Audio By Carbonatix
Ghana should expect an acute shortage of food by the end of the year, this is according to the General Agricultural Workers Union (GAWU). The Union claims that the ongoing fall army worm invasion is not being tackled well by government.
So far, the Ministry of Food and Agriculture has revealed that although about 20,000 hectares of farm yields have been affected by fall armyworms invasion, the infestation is under control but the General Secretary of GAWU, Edward Kariweh, has argued that the number of hectares of farm yields go beyond what government is gathering.
According to him, checks by the Union reveal that close to 100,000 hectares of farm lands across the country have been badly affected by the invasion.
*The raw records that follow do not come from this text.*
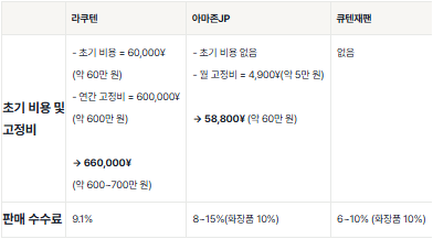 ✔️ 그에 비해 아마존 JP는 한화 약 5만 원의 월 고정비로 연간 60만 원 가량의 고정비가 들고, 큐텐재팬은 초기 비용이 없어요.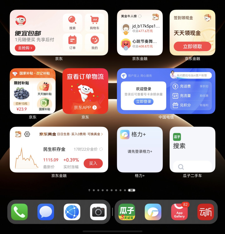 京东卡片:商城、百亿补贴、物流景况都摆上桌面。念念查件看一眼,念念省钱点一下。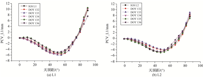 首先,按照四阶多项式拟合,即只拟合出GPS两个频点PCV值与卫星高度角(天顶距)之间的关系。由图 8可以看出,PCV的变化趋势随着天顶距增大(高度角降低)而先减小后增大。在低高度角处,最大可达到厘米量级。与IGS发布的拟合值比较(图中黑线)计算得到L1和L2的RMS分别为0.4、0.6 mm。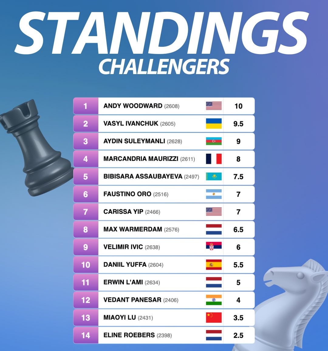 Paralelamente à competição principal, o Tata Steel Challengers também proporcionou momentos de grande emoção. Andy Woodward emergiu vitorioso após um torneio acirrado, garantindo seu lugar no Tata Steel Masters 2027. Esta promoção de talentos do Challengers para o Masters é uma tradição valorizada do torneio, assegurando uma renovação constante da elite do xadrez. Vasyl Ivanchuk e Aydin Suleymanli também estiveram na disputa pelo título do Challengers até a rodada final, sublinhando a intensidade da competição.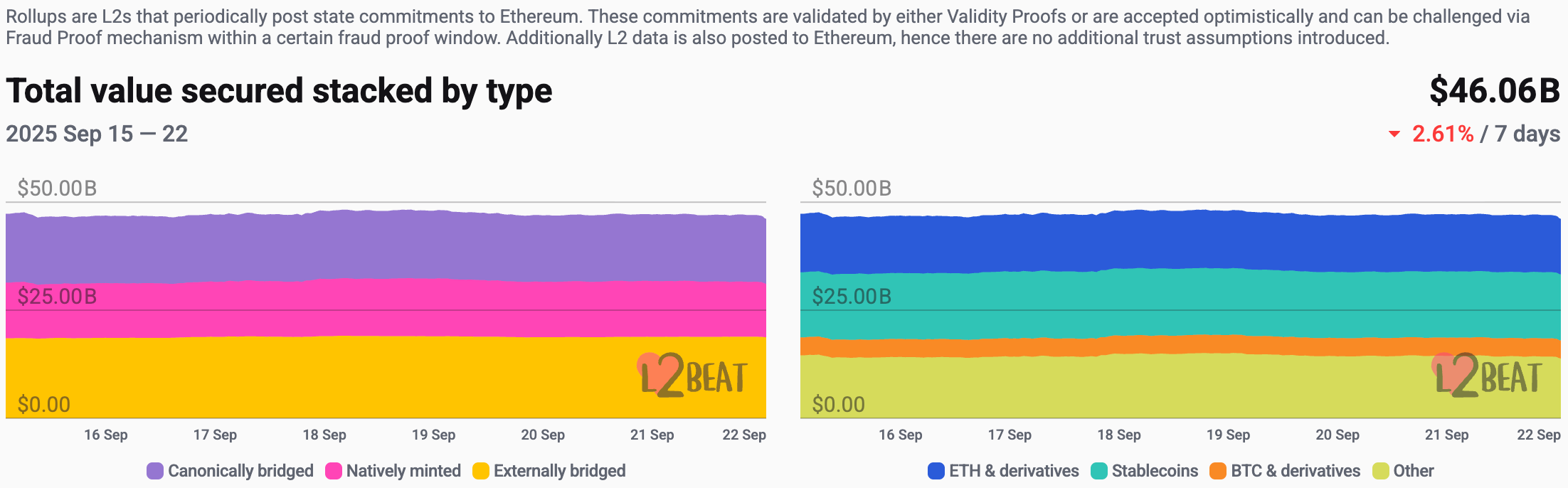据 L 2 Beat 数据显示,以太坊 Layer 2 总 TVL 为460.4亿美元,本周较上周($471.3亿)整体跌幅为2.3%。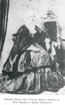 Pulcherie married George Osborne MONEY [15559] [MRIN: 5529], son of William MONEY of Homme Hse Much Marcle HEF [15566] and Mary WEBSTER [15567], on 21 Jan 1817 in St George Hanover Sq. (George Osborne MONEY [15559] was born on 6 Dec 1777, baptised on 16 Dec 1777 in St Shields DUR and died on 20 Aug 1851 in Torquay.) |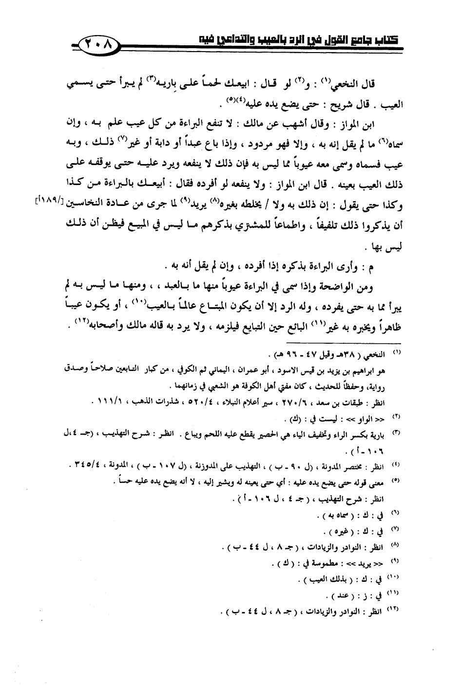 ابن المواز: وقال أشهب عن مالك: لا تنفع البراءة من كل عيب علم به، وإن سماه مالم يقل إنه به، وإلا فهو مردود، وإذا باع عبداً أو دابة أو غير ذلك، وبه عيب فسماه وسمى معه عيوباً مما ليس به فإن ذلك لا ينفعه ويرد عليه حتى يوقفه على ذلك العيب بعينه. قال ابن المواز: ولا ينفعه لو أفرده فقال: أبيعك بالبراءة من كذا وكذا حتى يقول: إن ذلك به ولا/ يخلطه بغيره يريد لما جرى من عادة النخاسين أن يذكروا ذلك تلفيفاً، وأطماعاً للمشتري بذكرهم ما ليس في المبيع فيظن أن ذلك ليس بها.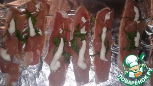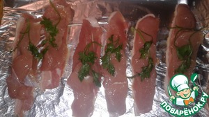 Выложить кусочки филе индейки на ломтики бекона.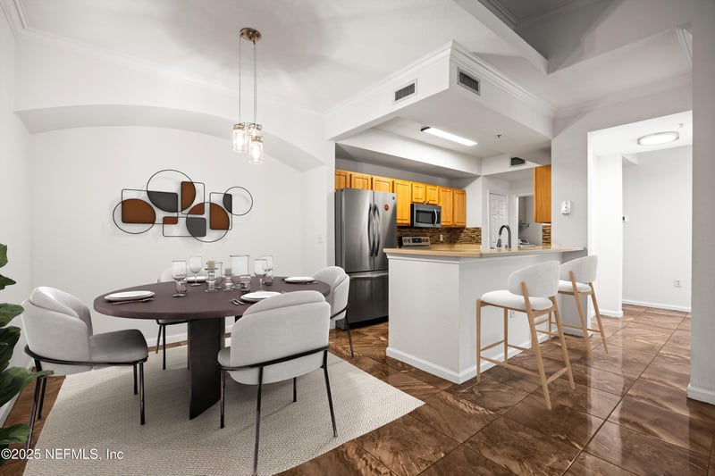 Listing details for 10075 Gate Pw #2505, Jacksonville, FL 32246 : Welcome to Mirabella, where comfort meets convenience in Jacksonville's esteemed condo community. This move-in-ready residence offers an open concept plan with three bedrooms, two bathrooms, and a private balcony. The well-equipped kitchen features maple cabinetry, stainless steel appliances, and solid surface countertops. The kitchen seamlessly connects to the dining room and a spacious family room, ideal for entertaining and relaxation. Sliding glass doors provide access to a private screened balcony for an intimate outdoor experience. The serene primary suite is strategically placed for added privacy and includes a walk-in closet, as well as an en-suite bathroom with dual vanities and a luxurious walk-in shower. Two additional bedrooms are equally inviting, offering ample space. Enhancements include modern paint, extended tile flooring throughout, and remodeled bathrooms. Water is included in the HOA fees. Situated just minutes from St. Johns Town Center, UNF, FSCJ, Mayo Clinic, downtown Jacksonville, and the beaches. Residents can enjoy resort-style amenities, including a swimming pool, clubhouse, and fitness center. Don't miss this exceptional opportunity to own a beautiful condo in one of Jacksonville's premier communities; schedule your showing today!

“ There is no doubt in our minds that at the rate at which these worms are spreading, the rural zone Ghana would be faced with a severe food crisis by the end of the year,” he revealed to Joy Business.
GAWU is therefore calling on government to “ declare a state of emergency” on the invasion so as to make up for practical steps of tackling the development in the next three weeks.
In April 2017, about 1,400 hectares were attacked by the fall armyworms.
The Agriculture Minister, Dr Owusu Afriyie Akoto had said then that, “it is under control, we’ve seen them spraying and by the end of the week, all the farms affected would have been sprayed and that will be the end of it.”